### TASK
Output the whole listing below exactly, omitting the images.

### COLLECTED MATERIAL

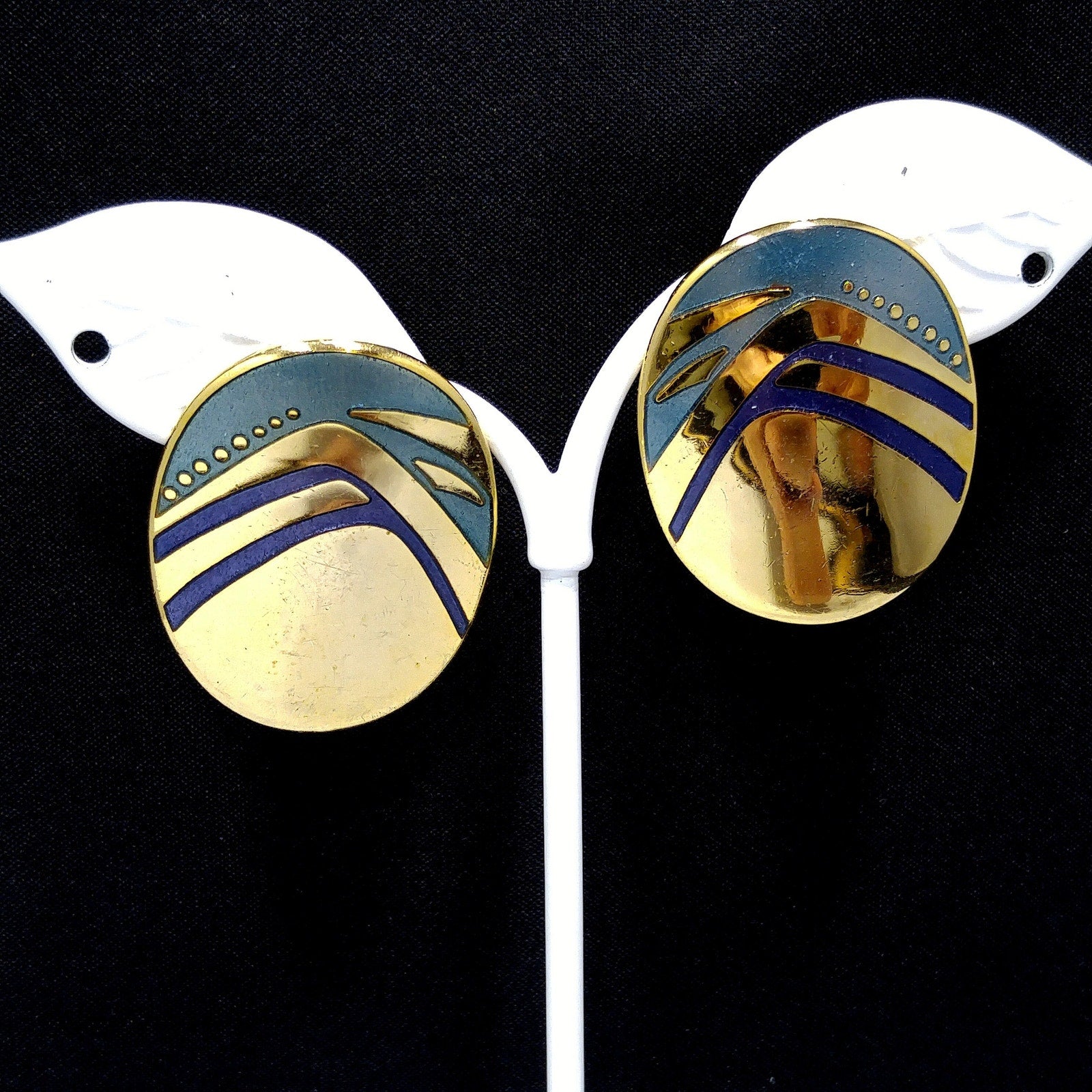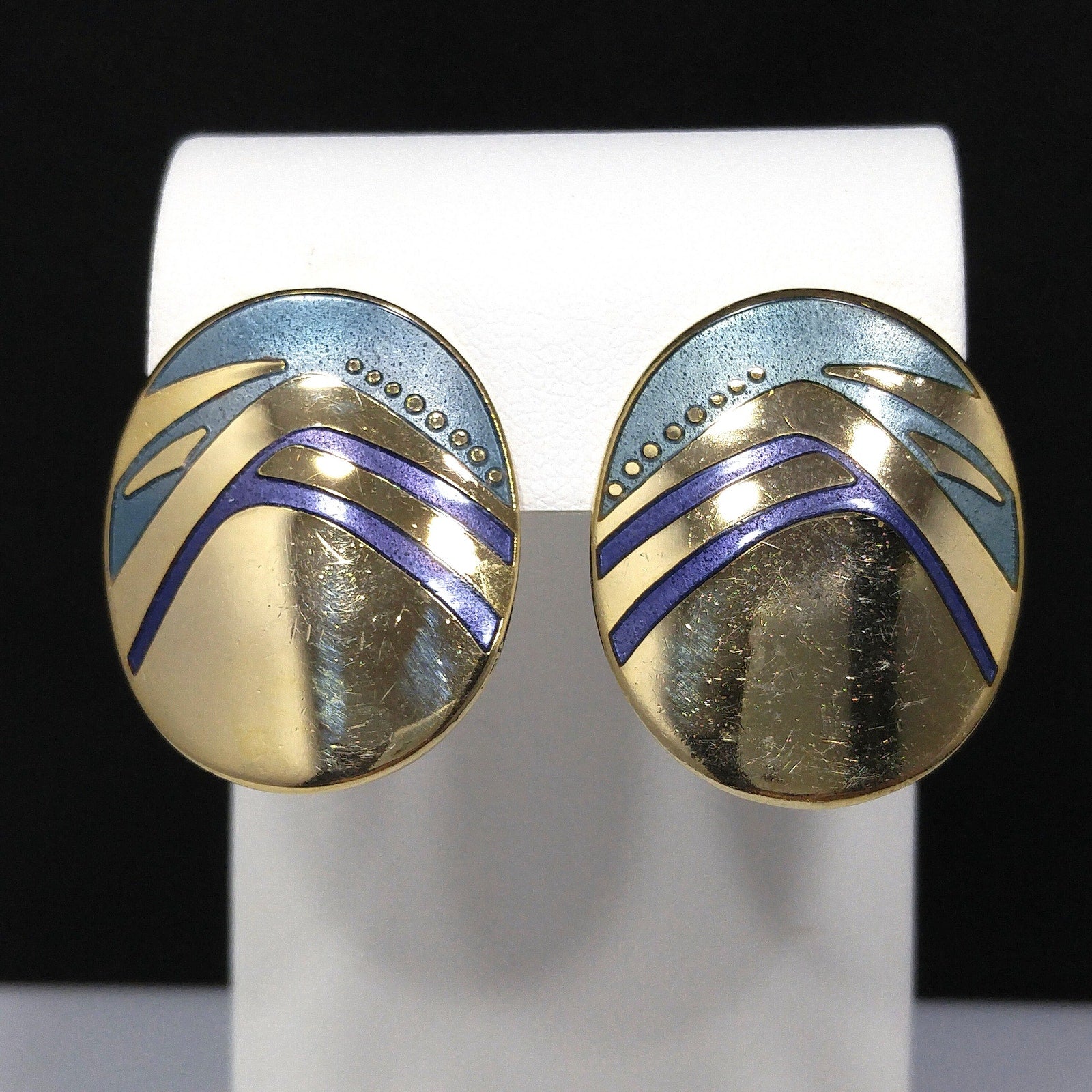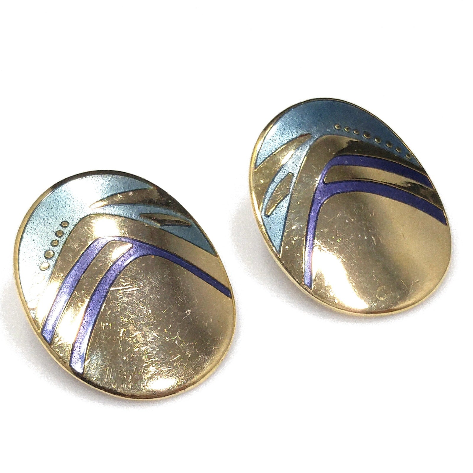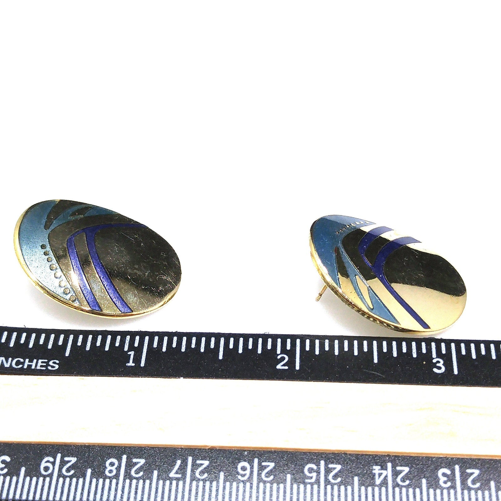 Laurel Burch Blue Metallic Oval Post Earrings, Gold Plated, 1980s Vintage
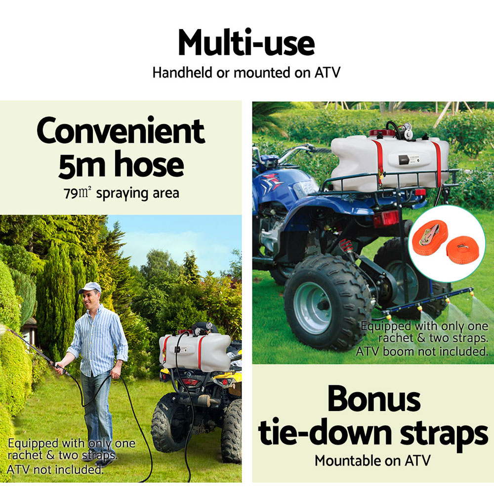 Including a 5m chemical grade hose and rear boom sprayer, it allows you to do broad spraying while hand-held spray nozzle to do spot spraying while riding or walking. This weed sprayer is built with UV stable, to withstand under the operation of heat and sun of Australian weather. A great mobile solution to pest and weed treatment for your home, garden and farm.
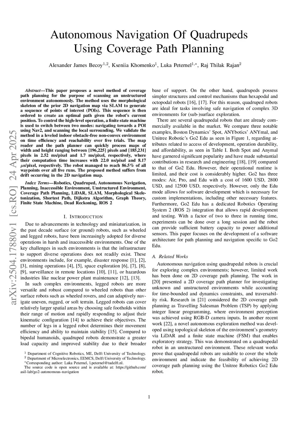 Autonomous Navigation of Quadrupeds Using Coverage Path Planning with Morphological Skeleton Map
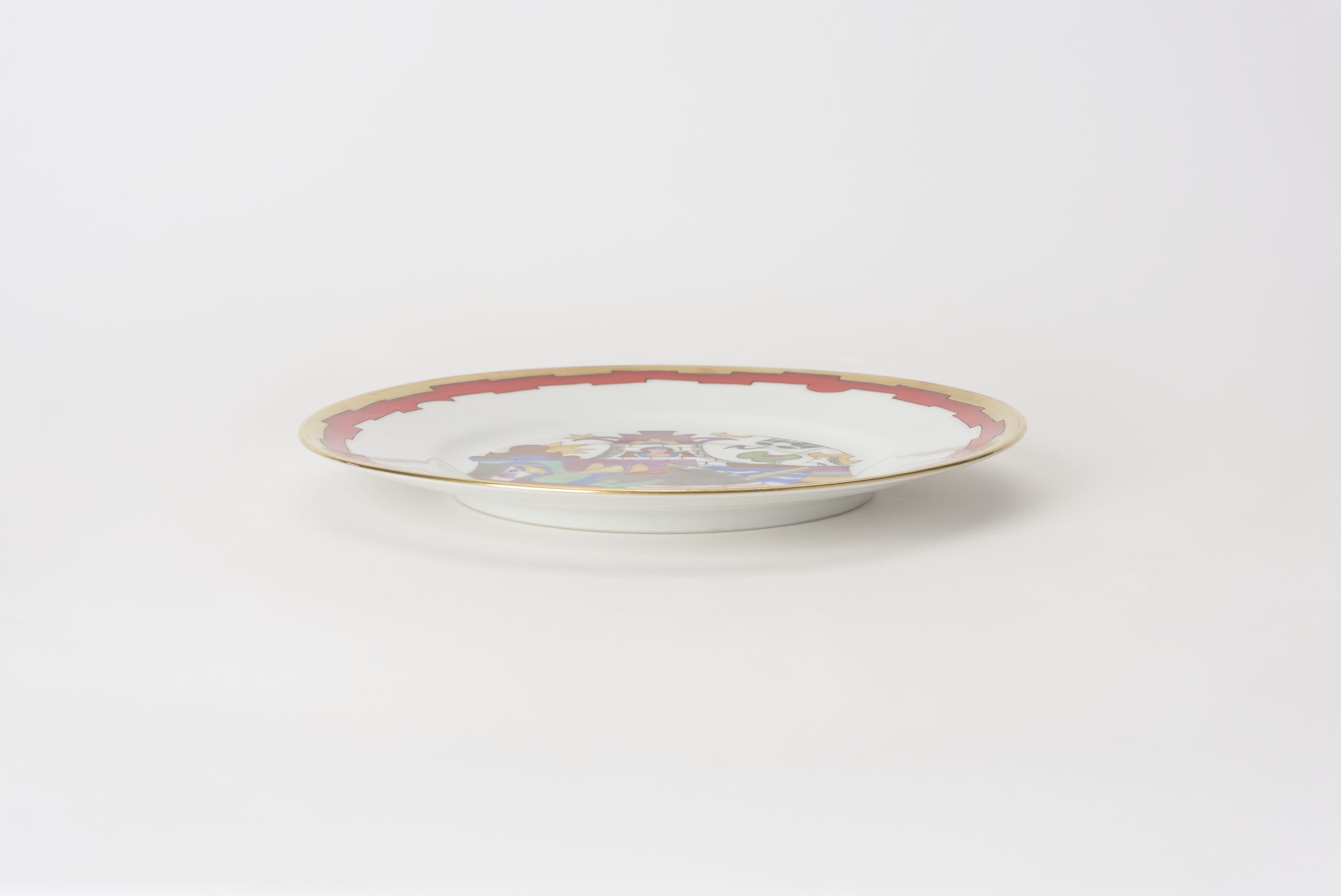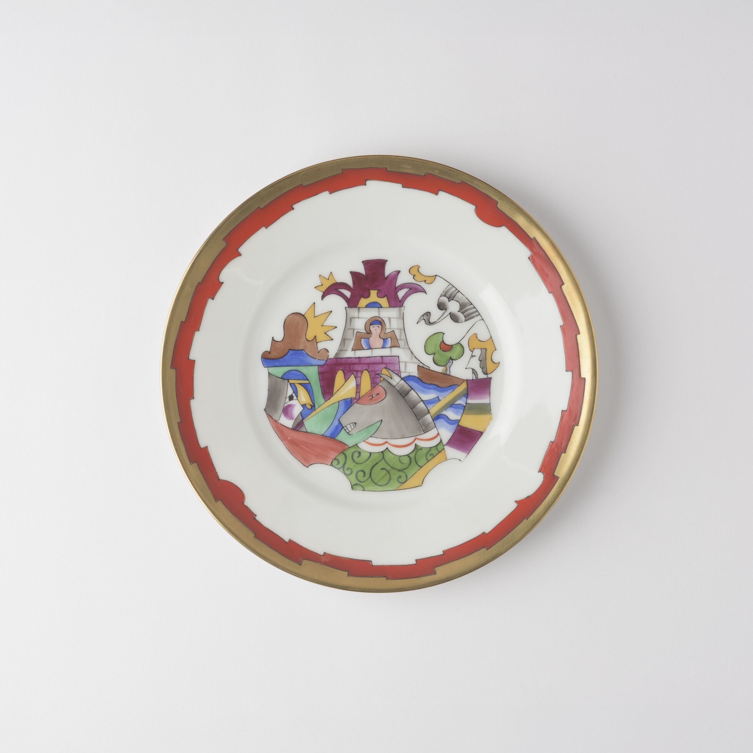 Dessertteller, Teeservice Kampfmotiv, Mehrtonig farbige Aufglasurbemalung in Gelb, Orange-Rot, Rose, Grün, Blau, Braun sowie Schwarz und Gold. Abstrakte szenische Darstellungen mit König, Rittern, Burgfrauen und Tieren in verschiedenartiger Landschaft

### SOLUTION FOR THIS EXERCISE
 Laurel Burch Blue Metallic Oval Post Earrings, Gold Plated, 1980s Vintage
 Including a 5m chemical grade hose and rear boom sprayer, it allows you to do broad spraying while hand-held spray nozzle to do spot spraying while riding or walking. This weed sprayer is built with UV stable, to withstand under the operation of heat and sun of Australian weather. A great mobile solution to pest and weed treatment for your home, garden and farm.
 Autonomous Navigation of Quadrupeds Using Coverage Path Planning with Morphological Skeleton Map
 Dessertteller, Teeservice Kampfmotiv, Mehrtonig farbige Aufglasurbemalung in Gelb, Orange-Rot, Rose, Grün, Blau, Braun sowie Schwarz und Gold. Abstrakte szenische Darstellungen mit König, Rittern, Burgfrauen und Tieren in verschiedenartiger Landschaft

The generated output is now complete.